Activity — Skip pictures in the listing below; copy exactly the lines from the one with "Следить за давлением" through the one with "Cecilia leather bucket", inclusive.

Data under study —

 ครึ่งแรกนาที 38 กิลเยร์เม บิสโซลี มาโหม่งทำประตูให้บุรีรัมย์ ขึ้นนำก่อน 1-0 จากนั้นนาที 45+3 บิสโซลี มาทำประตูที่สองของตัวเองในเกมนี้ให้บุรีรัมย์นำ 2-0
...
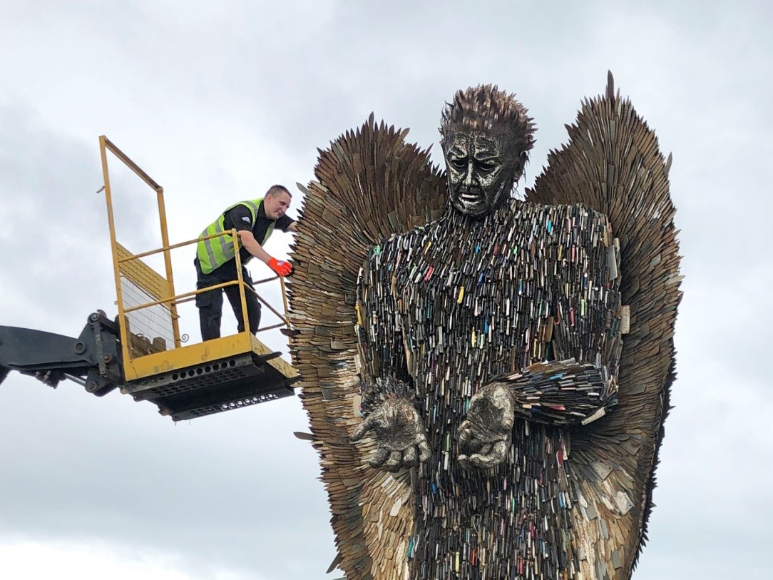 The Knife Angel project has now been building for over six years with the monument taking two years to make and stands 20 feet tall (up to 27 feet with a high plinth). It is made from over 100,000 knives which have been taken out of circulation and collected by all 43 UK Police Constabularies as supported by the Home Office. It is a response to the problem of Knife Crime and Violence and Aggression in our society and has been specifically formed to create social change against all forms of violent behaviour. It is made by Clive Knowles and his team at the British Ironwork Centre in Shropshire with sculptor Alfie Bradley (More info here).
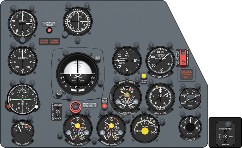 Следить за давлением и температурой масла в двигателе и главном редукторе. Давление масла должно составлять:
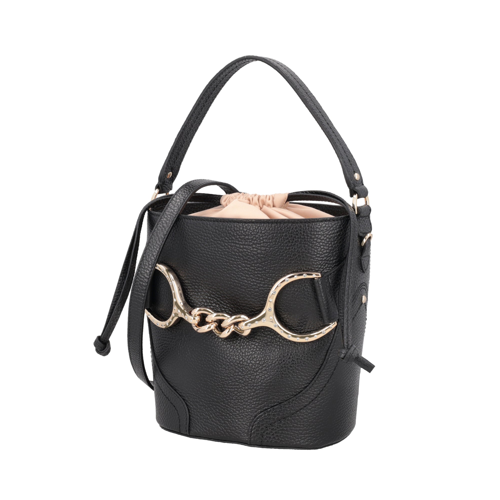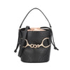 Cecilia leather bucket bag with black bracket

Result for this exercise —
 Следить за давлением и температурой масла в двигателе и главном редукторе. Давление масла должно составлять:
 Cecilia leather bucket bag with black bracket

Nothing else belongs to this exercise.